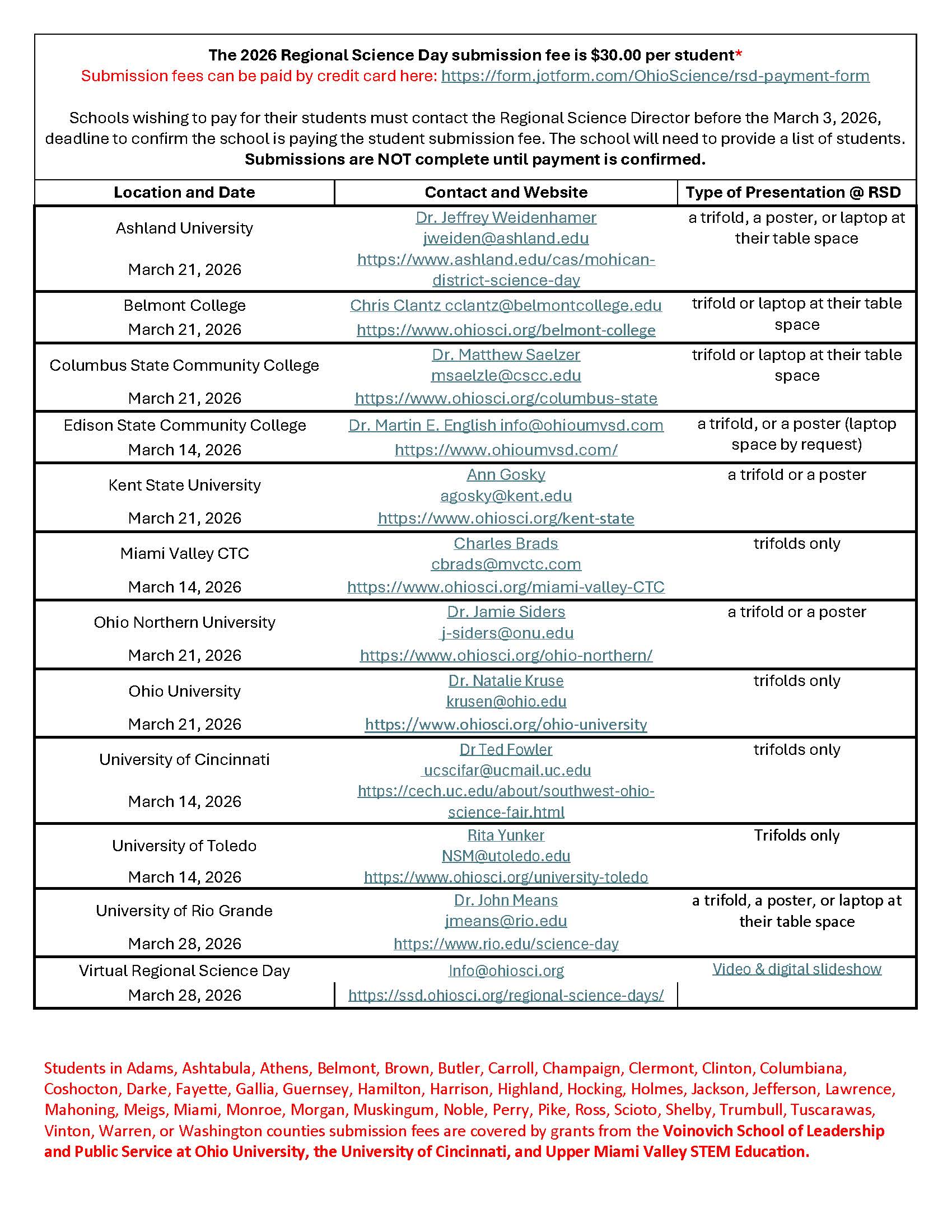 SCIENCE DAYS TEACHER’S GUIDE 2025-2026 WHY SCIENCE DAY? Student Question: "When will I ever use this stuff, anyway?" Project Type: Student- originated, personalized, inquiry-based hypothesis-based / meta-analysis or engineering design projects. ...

⁂

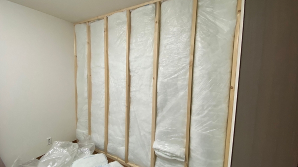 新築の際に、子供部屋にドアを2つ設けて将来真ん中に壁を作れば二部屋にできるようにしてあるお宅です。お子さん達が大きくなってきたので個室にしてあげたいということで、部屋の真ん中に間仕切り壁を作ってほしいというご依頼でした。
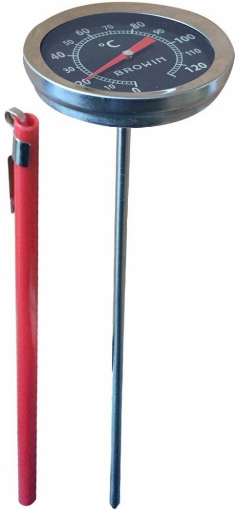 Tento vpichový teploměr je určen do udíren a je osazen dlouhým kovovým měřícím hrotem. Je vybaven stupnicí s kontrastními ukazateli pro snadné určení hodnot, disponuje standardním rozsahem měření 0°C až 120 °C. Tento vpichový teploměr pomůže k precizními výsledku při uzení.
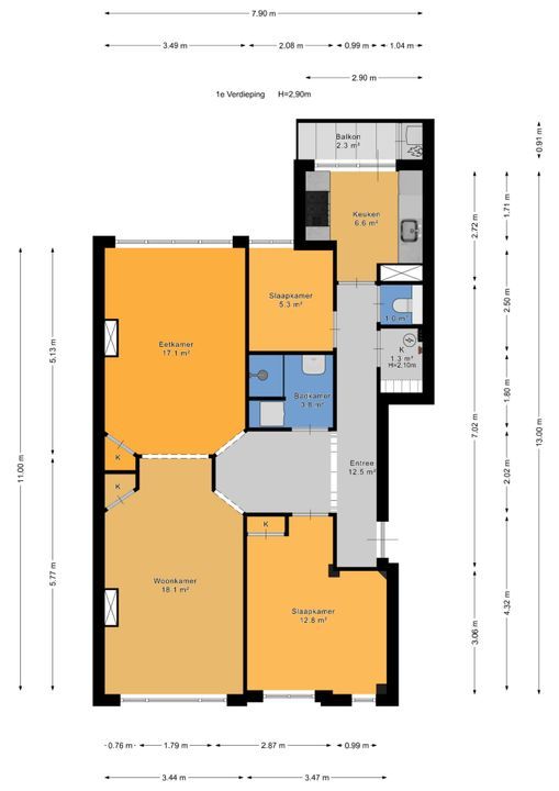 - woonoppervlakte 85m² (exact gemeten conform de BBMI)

⁂

## Aim of the task
Set the pictures aside and transcribe exactly the stretch of lines above, beginning with the one holding "新築の際に、子供部屋にドアを" and ending with the one holding "- woonoppervlakte 85m²".

## Your solution
 新築の際に、子供部屋にドアを2つ設けて将来真ん中に壁を作れば二部屋にできるようにしてあるお宅です。お子さん達が大きくなってきたので個室にしてあげたいということで、部屋の真ん中に間仕切り壁を作ってほしいというご依頼でした。
 Tento vpichový teploměr je určen do udíren a je osazen dlouhým kovovým měřícím hrotem. Je vybaven stupnicí s kontrastními ukazateli pro snadné určení hodnot, disponuje standardním rozsahem měření 0°C až 120 °C. Tento vpichový teploměr pomůže k precizními výsledku při uzení.
 - woonoppervlakte 85m² (exact gemeten conform de BBMI)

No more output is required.